Quote word for word the lines below, beginning with the first and ending with the one that has "Monte Belo se". Drop the pictures.

• Information supplied:
+---+

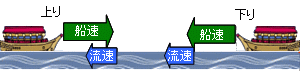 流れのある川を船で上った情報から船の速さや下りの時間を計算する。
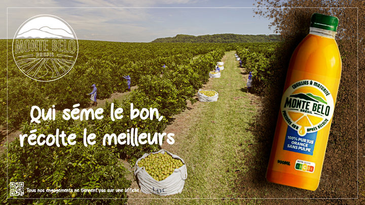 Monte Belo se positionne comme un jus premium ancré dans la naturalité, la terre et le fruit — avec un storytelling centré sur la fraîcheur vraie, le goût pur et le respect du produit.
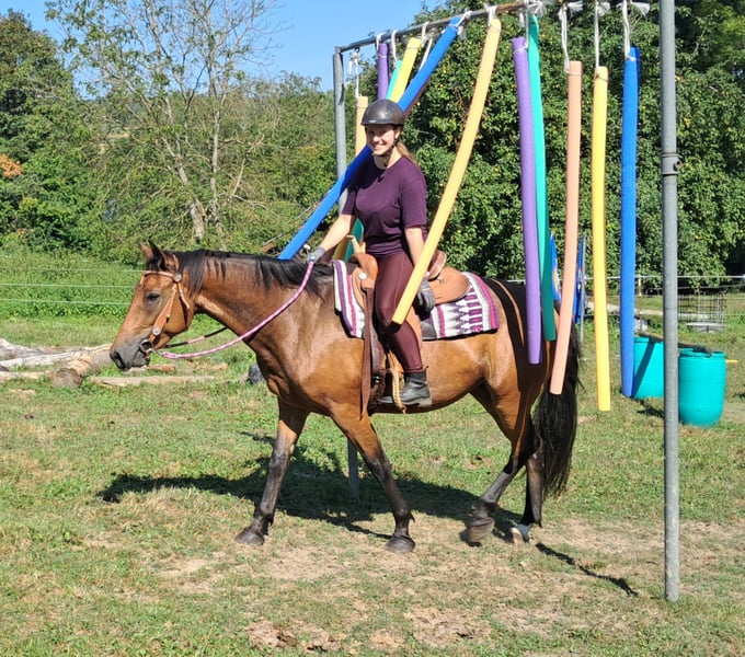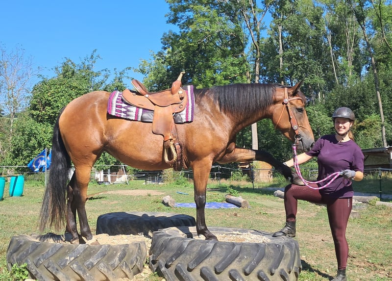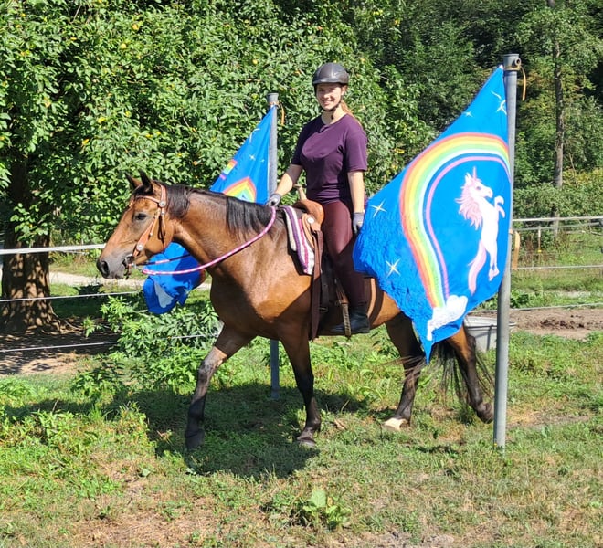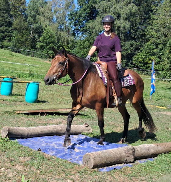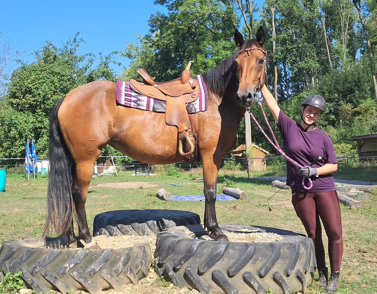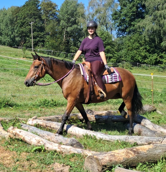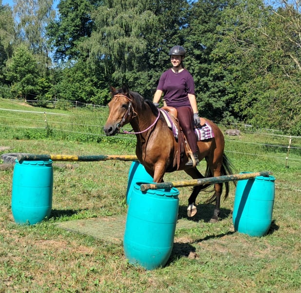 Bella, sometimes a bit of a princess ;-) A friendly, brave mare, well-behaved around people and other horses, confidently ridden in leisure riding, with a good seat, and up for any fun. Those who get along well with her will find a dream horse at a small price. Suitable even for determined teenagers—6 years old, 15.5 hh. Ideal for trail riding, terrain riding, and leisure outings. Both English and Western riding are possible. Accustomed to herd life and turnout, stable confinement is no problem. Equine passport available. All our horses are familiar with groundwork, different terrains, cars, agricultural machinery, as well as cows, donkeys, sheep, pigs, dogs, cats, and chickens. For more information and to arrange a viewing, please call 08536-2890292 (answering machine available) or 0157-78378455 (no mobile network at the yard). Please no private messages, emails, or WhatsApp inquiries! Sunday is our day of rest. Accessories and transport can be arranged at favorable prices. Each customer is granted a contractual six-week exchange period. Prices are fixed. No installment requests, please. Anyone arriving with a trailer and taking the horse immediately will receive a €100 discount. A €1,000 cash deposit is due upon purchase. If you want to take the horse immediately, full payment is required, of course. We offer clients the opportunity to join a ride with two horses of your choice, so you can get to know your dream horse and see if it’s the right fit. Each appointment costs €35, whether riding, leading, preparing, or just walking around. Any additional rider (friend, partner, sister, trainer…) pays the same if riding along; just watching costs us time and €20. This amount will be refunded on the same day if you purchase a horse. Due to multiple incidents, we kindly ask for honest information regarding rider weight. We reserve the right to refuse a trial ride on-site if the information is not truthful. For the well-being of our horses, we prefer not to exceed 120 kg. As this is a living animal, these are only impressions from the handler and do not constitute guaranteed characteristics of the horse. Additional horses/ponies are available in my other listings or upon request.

+---+

• Answer box:
 流れのある川を船で上った情報から船の速さや下りの時間を計算する。
 Monte Belo se positionne comme un jus premium ancré dans la naturalité, la terre et le fruit — avec un storytelling centré sur la fraîcheur vraie, le goût pur et le respect du produit.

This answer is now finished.